We must drive the robbers away.
How can we do it?

Donkey:

We can all sing,

and the robbers will run away.

I can sing,
Hee-haw! hee-haw! hee-haw!

Dog:

I can sing,
Bow-wow! bow-wow! bow-wow!

Cat:

I can sing,
Mee-ow! mee-ow! mee-ow!

Cock:

I can sing, Cock-a-doo-dle-do!

cock-a-doo-dle-do!

Donkey:

I will stand by the window.
Old dog, stand on my back.
Old Whiskers, get on the dog's back.
Red Cock, get on the cat's back.

[Illustration]

Donkey:

Now, let us all sing together.
Ready, one, two, three.

All:

Hee-haw! hee-haw! hee-haw!
Bow-wow! bow-wow! bow-wow!
Mee-ow! mee-ow! mee-ow!
Cock-a-doo-dle-do! cock-a-doo-dle-do!

Robber:

Did you hear that noise?
It must be goblins.
Let us run away.

Cock:

See the robbers run.
Come, let us eat their supper.

Dog:

This is better than a bone.

Cock:

We shall never be hungry again.

Donkey:

I can eat no more.
Let us go to sleep.
I shall sleep under the tree.
Old dog, you sleep by the door.
Old Whiskers, you sleep by the fire.
Red Cock, you sleep on the roof.

Robber:

It is all still now.

The goblins are gone.
Let us go back.

Cat:

Spit, spit!
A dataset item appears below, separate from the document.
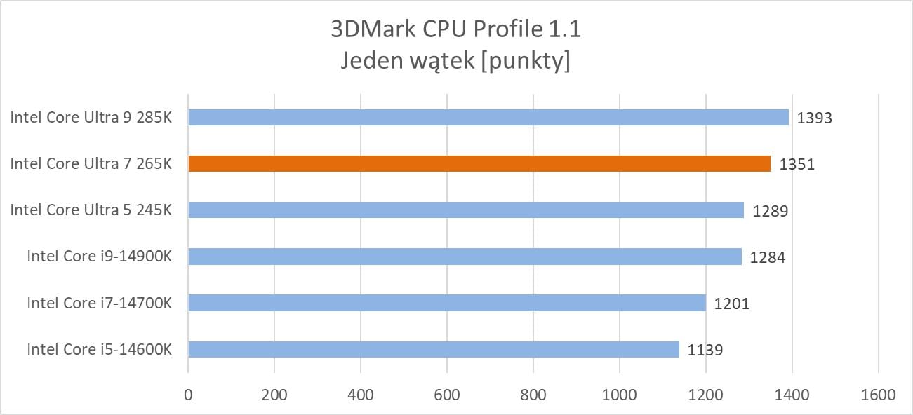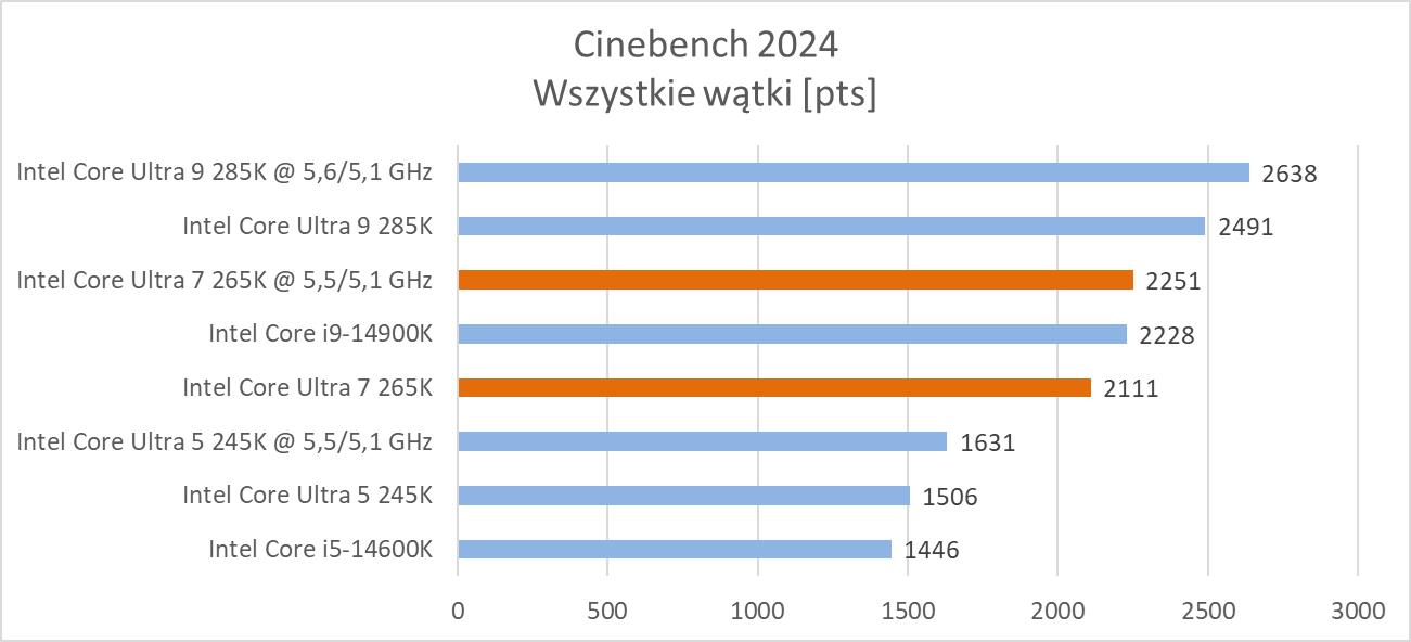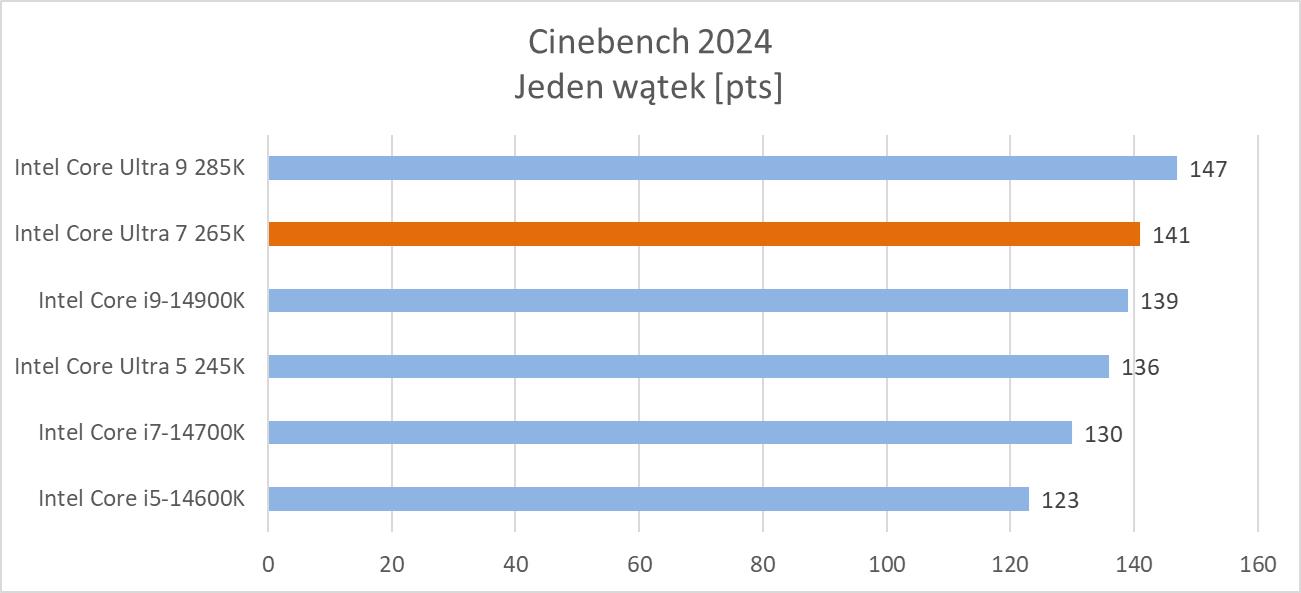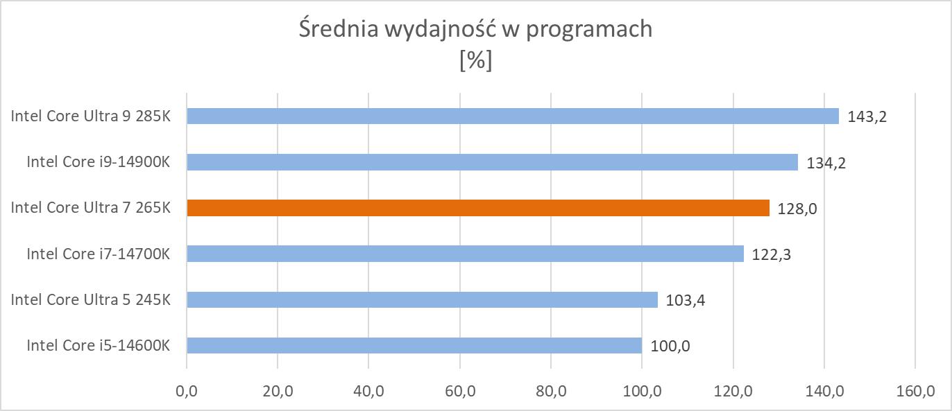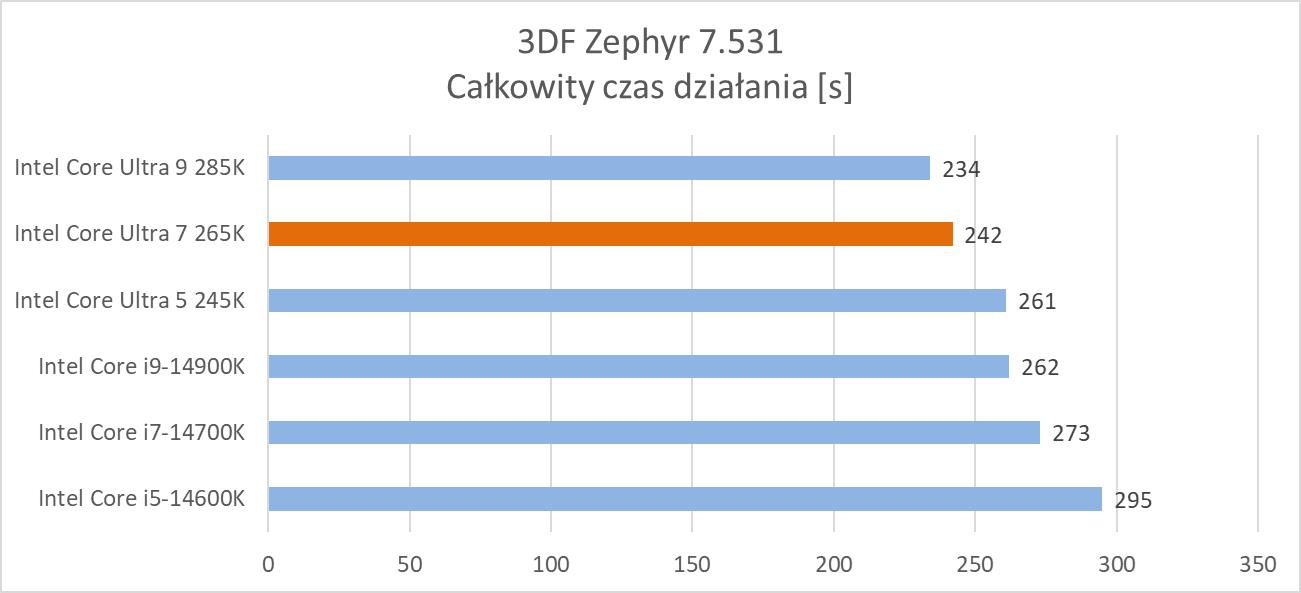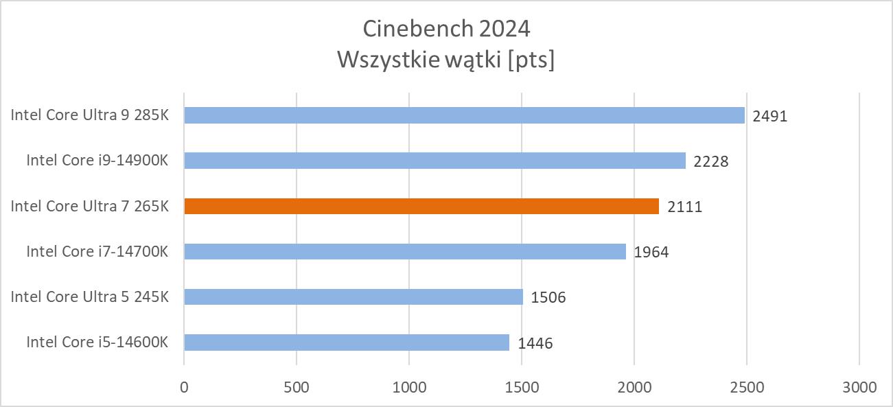 Intel Core Ultra 7 265K średnio wypada lepiej w programach niż i7-14700K. Mamy przewagę nawet nad i9-14900K w 3DF Zephyr, 3DMark CPU Profile, Handbrake, POV-Ray czy JetStream. Nad samym i7-14700K widzimy przewagę choćby w V-Ray, Y-Cruncher, Speedometer czy Coronie. Zdarzą się jednak też takie programy jak 3D Particle Movement, 7-zip, DigiCortex czy Dolphin gdzie mamy niższą wydajność. Generalnie jednak średni przyrost wydajności we wszystkich programach jest widoczny, choć mógłby być on większy. Plus za to za pobór mocy, który w wielowątkowym Cinebench 2024 jest niższy niż i5-14600K.

I will scratch!

Robber:

Let me out, let me out!
An old goblin is scratching me.

Dog:

Bow-wow! I will bite!

Robber:

A man has cut me with a knife.
Let me out! O, let me out!

Donkey:

Hee-haw! I will kick!

Robber:

A big goblin has struck me.

Cock:

Cock-a-doo-dle-do! cock-a-doo-dle-do!

Robber:

The judge on the roof says,

"Bring the robbers here."

Come, let us be off.

Donkey:

We will not go to Bremen.
We will all live in this house.

Cock:

Cock-a-doo-dle-do! cock-a-doo-dle-do!